2024
I wrote earlier this month that data contracts shouldn’t focus on enforcement.
By which I meant, the outcome you’re optimising for isn’t enforcing rules on someones data, but instead using data contracts to facilitate a better quality dataset that allows others to build on it with confidence.
What do you want from your data?
Do you want it to be fast changing?
You try your best to work around the poor quality data you’re given.
Only to deliver a poor outcome to your users.
I enjoyed this post from Nicole Radziwill, PhD on LinkedIn:
How fragile are your pipelines?

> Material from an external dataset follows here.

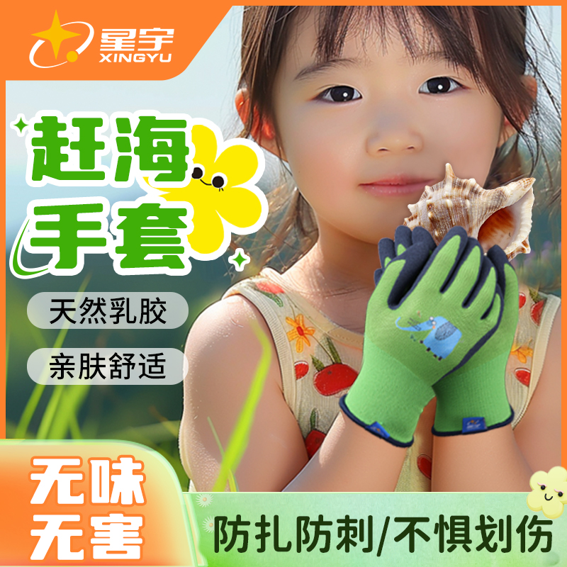 兒童手套防抓咬寶寶防護防割趕海專用抓螃蟹戶外寵物勞動采摘園藝

Start with this simple metric: COUNT THE JOINS. Every time you have to join, you’re making multiple assumptions about the underlying raw data, the biggest one being: you’re assuming it’s not going to change.
If you’re a software engineer, and an upstream dependency is unreliable, then you would speak to the team who owns that dependency.
If you want to improve the quality of the data
Then you’ll need to speak to the producer of the data.
Staging layers, medallion architectures, data testing, assigning data stewards, gatekeeping application changes until reviewed by a data team.
Data quality can only be improved at the source.
If the source of the data isn’t capturing the data at the required accuracy, there’s nothing you can do later to increase the accuracy.
As I wrote yesterday, many data professionals don’t trust the data they are building on. And many users of data and data applications don’t trust the data they’re being provided.